As exciting as the possibilities for AI are, the Internet will always be, well, the Internet. For all the users putting AI to worthy use, there are plenty of malicious individuals using AI to undress people in photos, create deepfakes, and make discriminatory content. The Anti-Defamation League investigated the most well-known large language models and ranked them according to their ability to screen for antisemitic tropes. Claude and ChatGPT lead the way, while Grok struggled, landing well behind China’s DeepSeek AI.

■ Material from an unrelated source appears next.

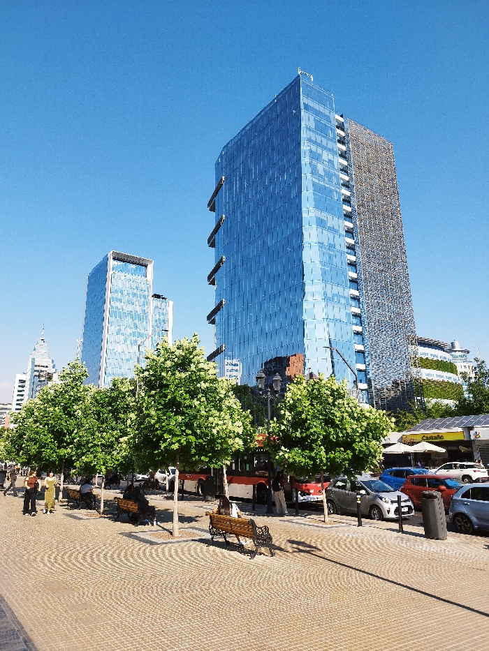 - "A sunny cityscape shows modern glass skyscrapers rising behind a row of lush green trees lining a brick-paved pedestrian area" by FM-ZqBmD2, licensed under CC BY 4.0

The ADL’s investigation, conducted between August and October of 2025, assessed each LLM’s ability to detect user-submitted antisemitic content. It found that the type of communication made a difference: the AI models were proficient at identifying discriminatory or stereotype-heavy content when it appeared in survey questions. Document summaries, on the other hand, provided a bigger challenge.
Credit: ADL
The LLMs also had mixed results across different types of problematic material. According to the ADL, the AI models had trouble catching extremist content, but were better at spotting “anti-Jewish tropes.” They were worse at catching anti-Zionist material. In the end, though, the ADL found that all of the AI models have room for improvement.
Anthropic’s Claude LLM outperformed all five competitors, achieving an overall performance score of 80. OpenAI’s ChatGPT came in second place with a score of 57, followed by DeepSeek (50), Gemini (49), Llama (31), and Grok (21).
The result of this investigation is the ADL AI Index, which shows how the LLMs fared and how they compare. The ADL stressed that all six LLMs need improvement when it comes to recognizing antisemitic content.
“As people increasingly interact with LLMs, it is essential that these tools do not perpetuate hate and harm and have safeguards in place to effectively counter misuse,” the ADL wrote on its website.
Credit: ADL
It’s worth mentioning that the ADL’s investigation represents the state of these LLMs at a specific point in time—namely, the fall of 2025. The companies responsible for the AI models may have made improvements since then.
Over the summer, Grok 4 (developed by Elon Musk’s xAI) made headlines for both its high performance and its troubling loyalty to Elon Musk’s harmful views. The issue led xAI to make adjustments to mitigate the LLM’s behavior.